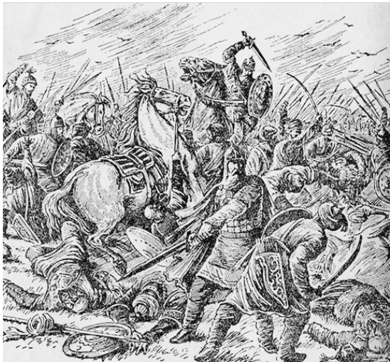
«Битва русских с половцами» Пергаменщик Е.
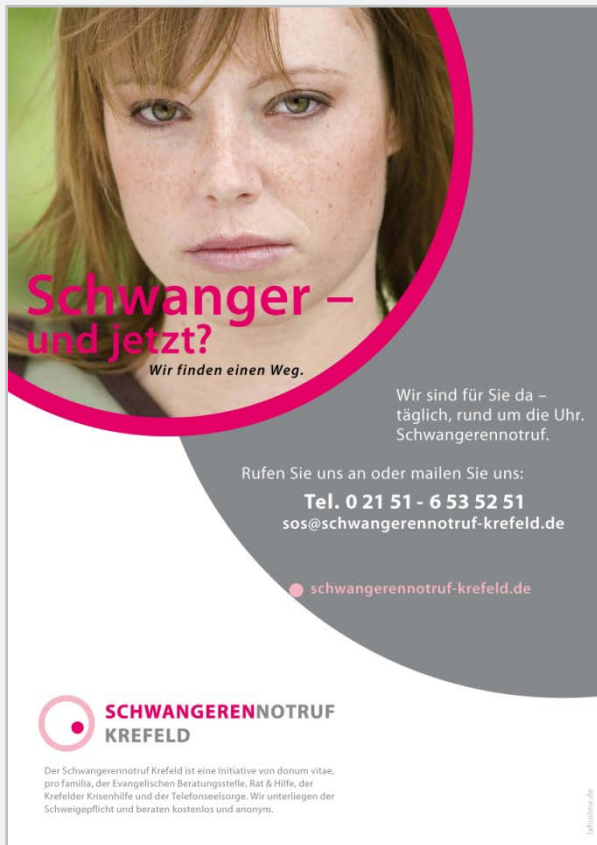
■ Plakat „Sie“
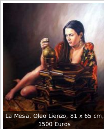
La Mesa, Oleo Lienzo, 81 x 65 cm, 1500 Euros
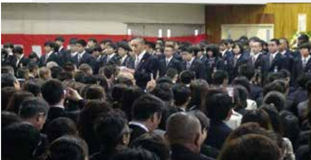
▲新入生保護者への感謝のことは
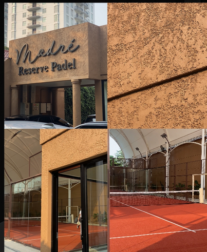
MADRÈ MENTENG RESERVE PADEL
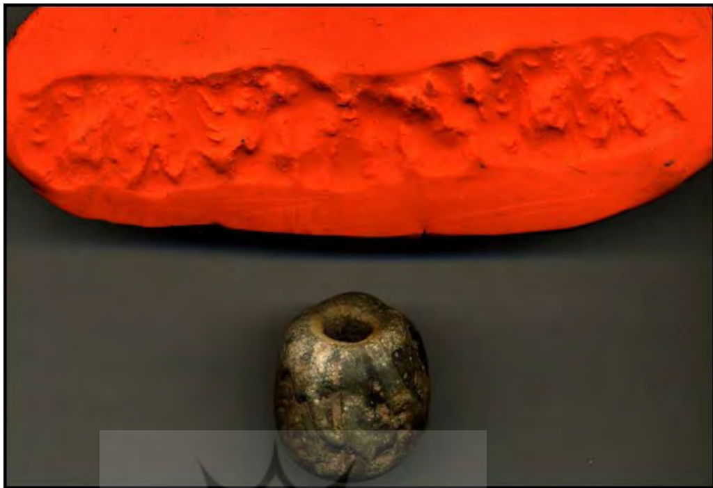
تصویر ۵. مَهر استوانه‌ای منتشر نشده به دست آمده از کارگاه D، اتاق شماره ۲ (آرشیو موزه ملی).
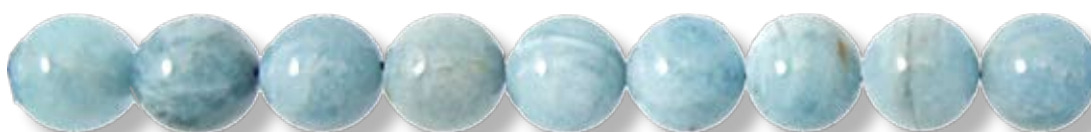
Ronde 16mm AIGR007

____________________

What the task asks
A word-for-word repeat is expected of the lines from the one with "La Mesa, Oleo Lienzo, 81 x 65 cm, 1500 Euros" to the end of the data, both included; pictures are not part of it.

Exercise response
La Mesa, Oleo Lienzo, 81 x 65 cm, 1500 Euros
▲新入生保護者への感謝のことは
MADRÈ MENTENG RESERVE PADEL
تصویر ۵. مَهر استوانه‌ای منتشر نشده به دست آمده از کارگاه D، اتاق شماره ۲ (آرشیو موزه ملی).
Ronde 16mm AIGR007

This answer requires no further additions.